Supplied material:

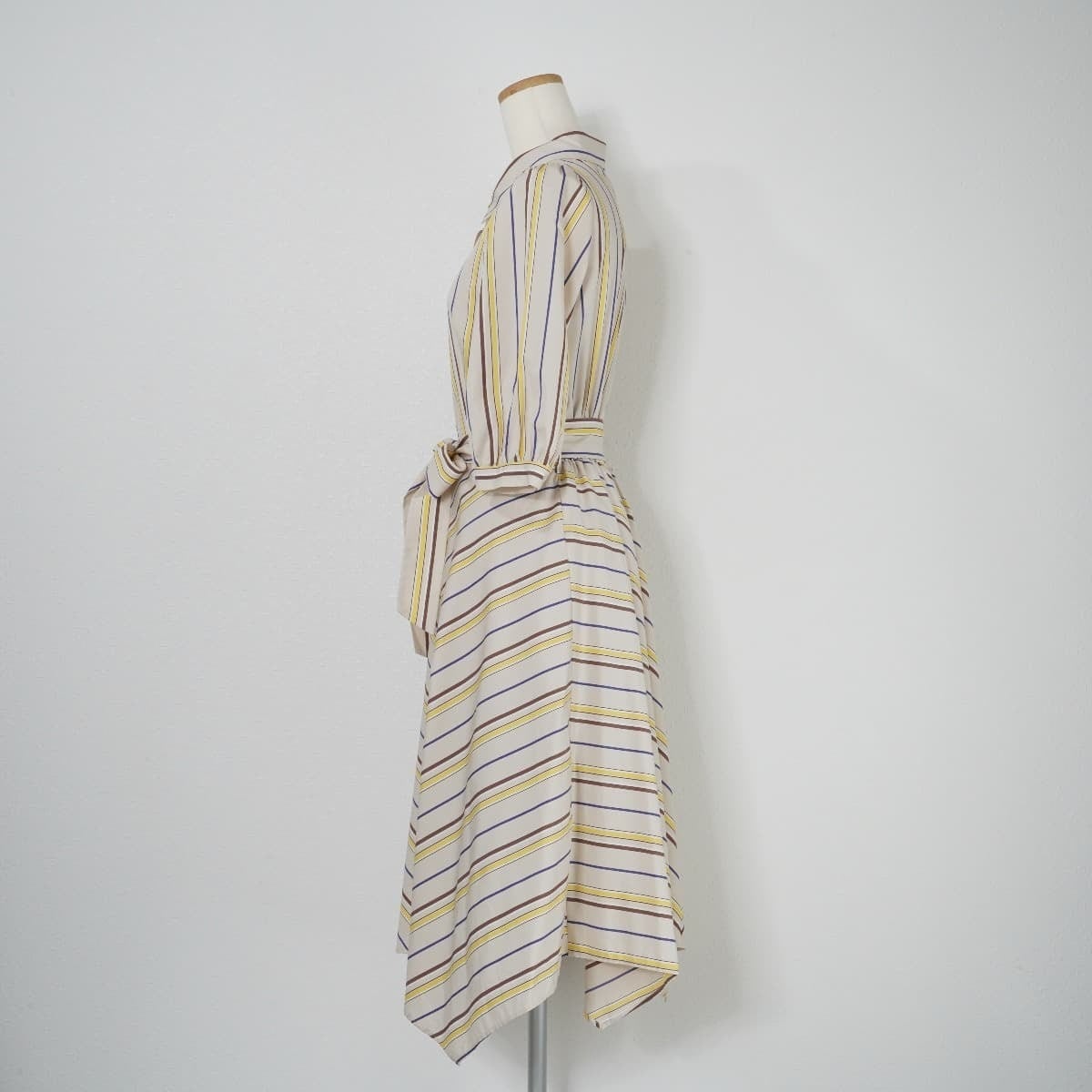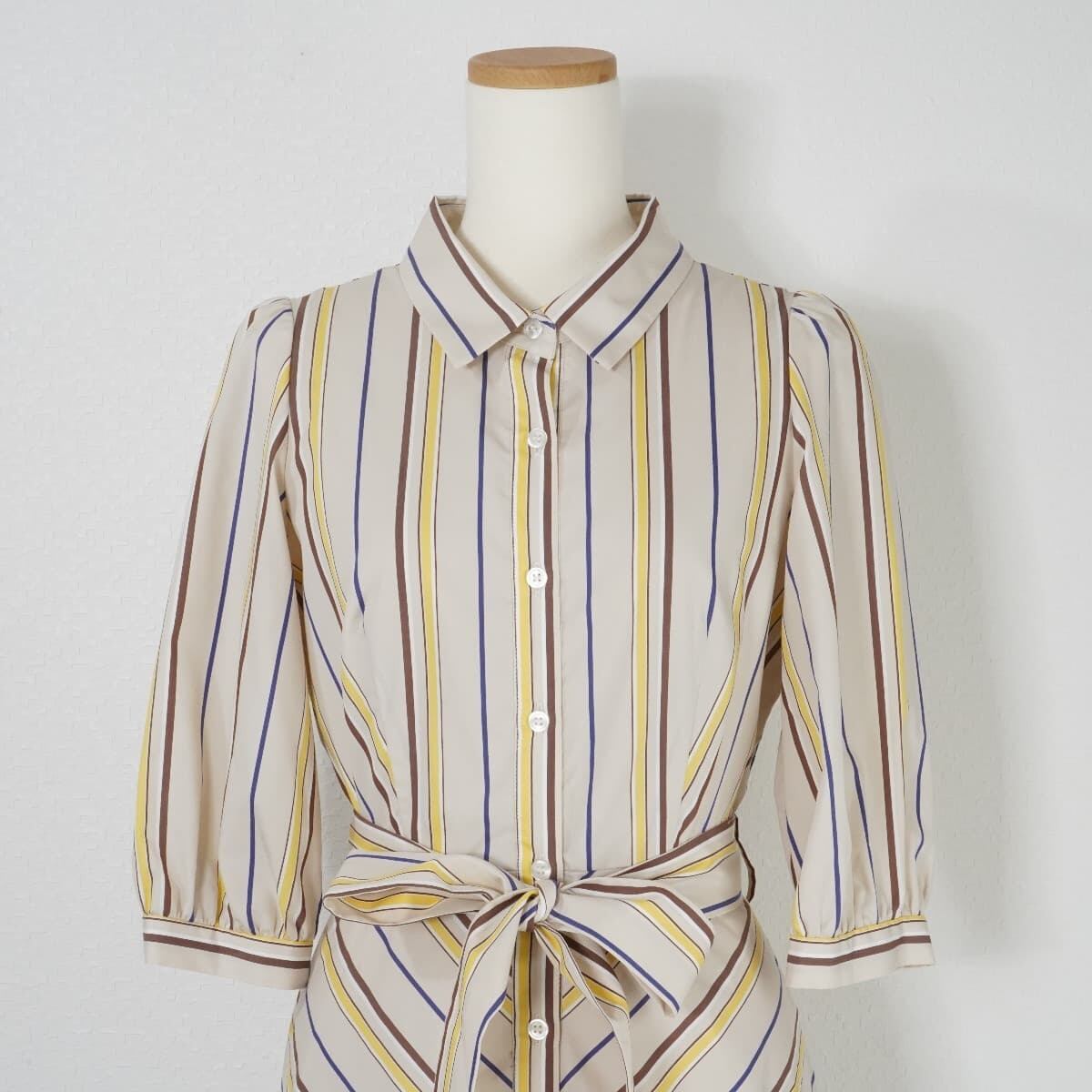 And Couture アンドクチュール ストライプシャツワンピース ロング フレア ウエストリボン
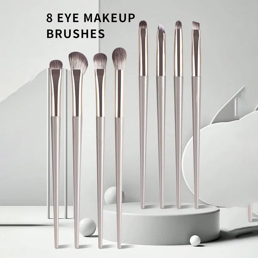 Champagne Silver Portable Eye Makeup Brush Set, 8Pcs/Pack
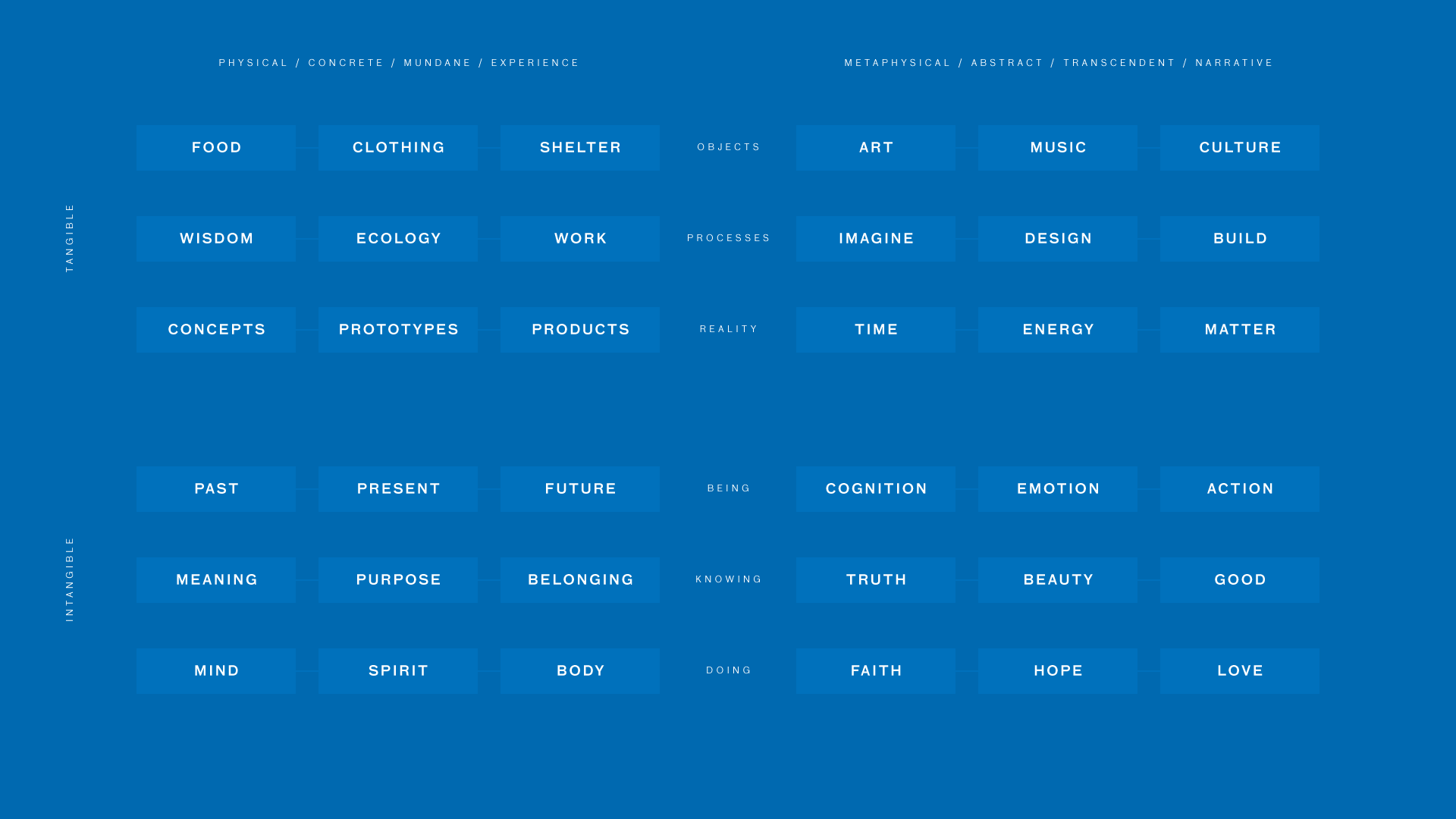 In that sense, the Bauhaus, as a synthesis of science and art, represented a recognition of both the physical and that which was beyond the physical: the metaphysical. Human consciousness and experience are beyond what the physical sciences are able to understand. Art is the way we explore the senses, the mind, the heart, and the body. Jesse James Garrett of Adaptive Path expands the artifacts of design to include perception, cognition, emotion, and action to correspond with this four-fold conception of human experience in his talk on design for engagement.

What the task requires:
Take the line that contains "Champagne Silver Portable" and all lines after it to the end of the material above, and copy them verbatim without any images.

Response area:
 Champagne Silver Portable Eye Makeup Brush Set, 8Pcs/Pack
 In that sense, the Bauhaus, as a synthesis of science and art, represented a recognition of both the physical and that which was beyond the physical: the metaphysical. Human consciousness and experience are beyond what the physical sciences are able to understand. Art is the way we explore the senses, the mind, the heart, and the body. Jesse James Garrett of Adaptive Path expands the artifacts of design to include perception, cognition, emotion, and action to correspond with this four-fold conception of human experience in his talk on design for engagement.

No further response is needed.